» PROBLEM REQUIREMENTS
Reproduce the line with "Le foglie in" and everything after it in the listing below, exactly, both ends included. No pictures.

» PROVIDED DATA
----------------
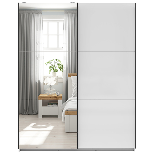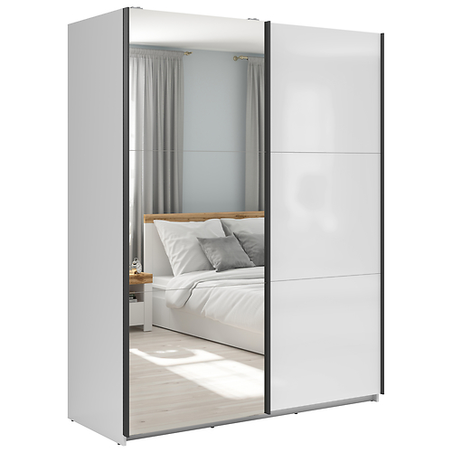 Liugustega riidekapp 153 cm TETRIX valge kõrgläige/peegel
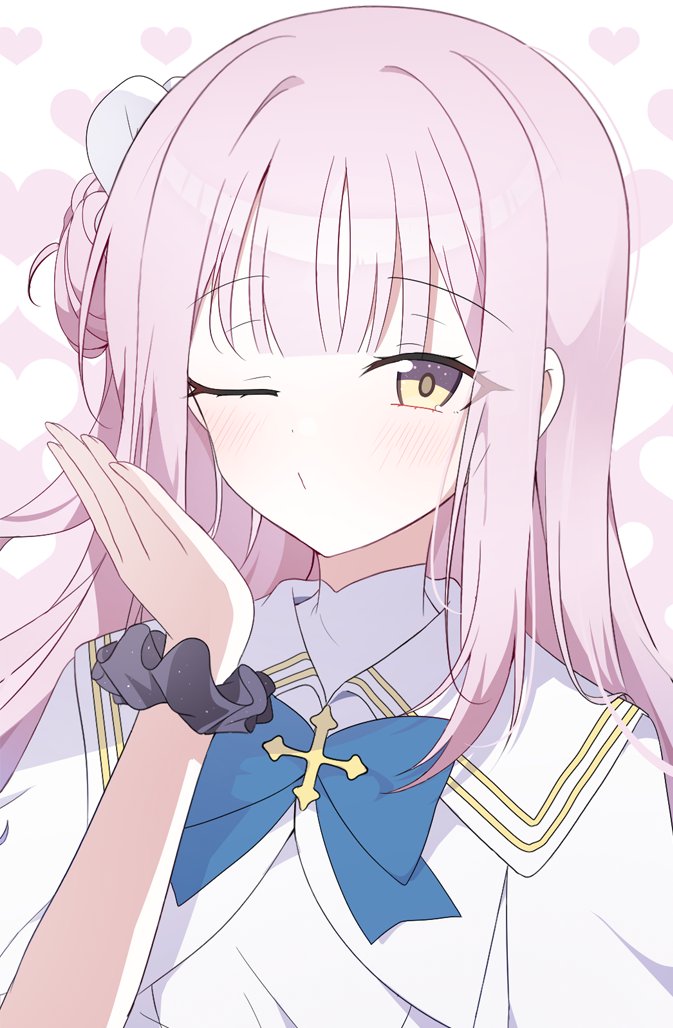 1girl blue_archive blush capelet dress hair_bun heart long_hair looking_at_viewer mika_(blue_archive) one_eye_closed pink_hair seno_(senohime) side_up_bun single_side_bun solo upper_body white_capelet white_dress yellow_eyes
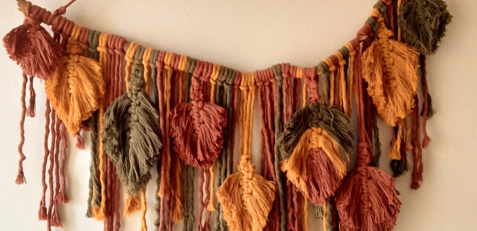 Le foglie in macramé sono spesso protagoniste nei corsi per principianti. Semplici da realizzare e visivamente piacevoli, rappresentano un ottimo punto di partenza per esplorare l’arte di annodare. Tuttavia, ammetto che non mi hanno mai davvero conquistato, è una questione di gusti. La loro bellezza si scontra spesso con la necessità di un trattamento rigido: per rimanere in forma hanno bisogno di essere trattate con colla vinilica o spray fissanti altrimenti tendono a “lasciarsi andare”, accartocciandosi e assumendo un aspetto spettinato e imperfetto. Proprio quell’imperfezione, per molti poco estetica, è stata invece la chiave per la creazione del mio arazzo dedicato all’autunno.
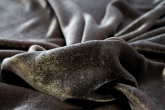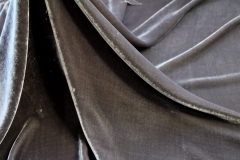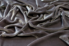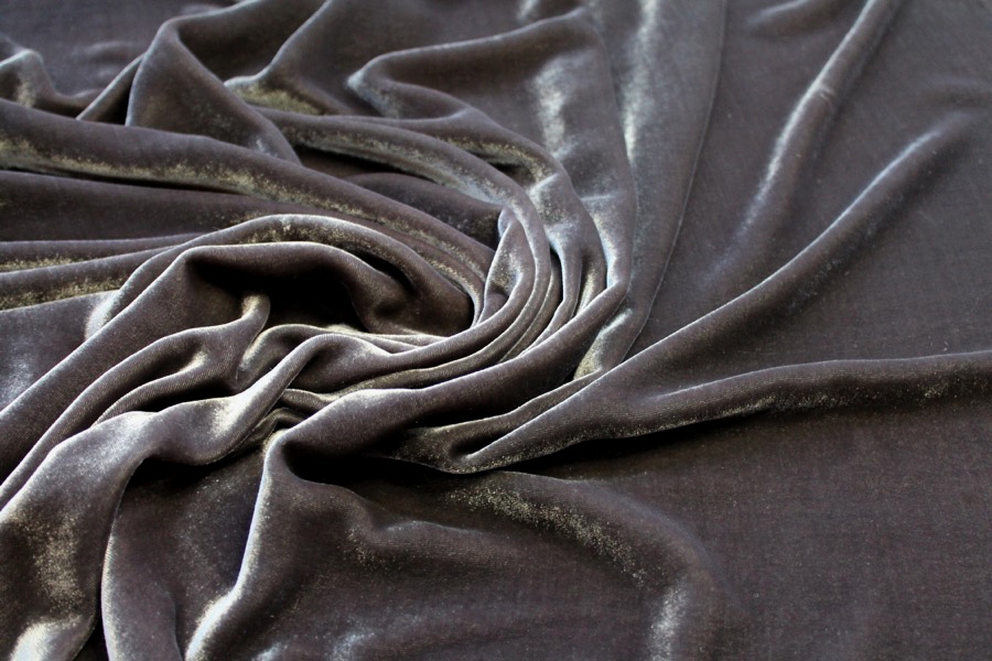A luxurious, soft, drapey silk velvet composed of a silk chiffon base and a viscose pile in a dark slate grey colour. This velvet can also be used for devoré. 82% viscose 18% silk.
----------------
» SOLUTION
 Le foglie in macramé sono spesso protagoniste nei corsi per principianti. Semplici da realizzare e visivamente piacevoli, rappresentano un ottimo punto di partenza per esplorare l’arte di annodare. Tuttavia, ammetto che non mi hanno mai davvero conquistato, è una questione di gusti. La loro bellezza si scontra spesso con la necessità di un trattamento rigido: per rimanere in forma hanno bisogno di essere trattate con colla vinilica o spray fissanti altrimenti tendono a “lasciarsi andare”, accartocciandosi e assumendo un aspetto spettinato e imperfetto. Proprio quell’imperfezione, per molti poco estetica, è stata invece la chiave per la creazione del mio arazzo dedicato all’autunno.
A luxurious, soft, drapey silk velvet composed of a silk chiffon base and a viscose pile in a dark slate grey colour. This velvet can also be used for devoré. 82% viscose 18% silk.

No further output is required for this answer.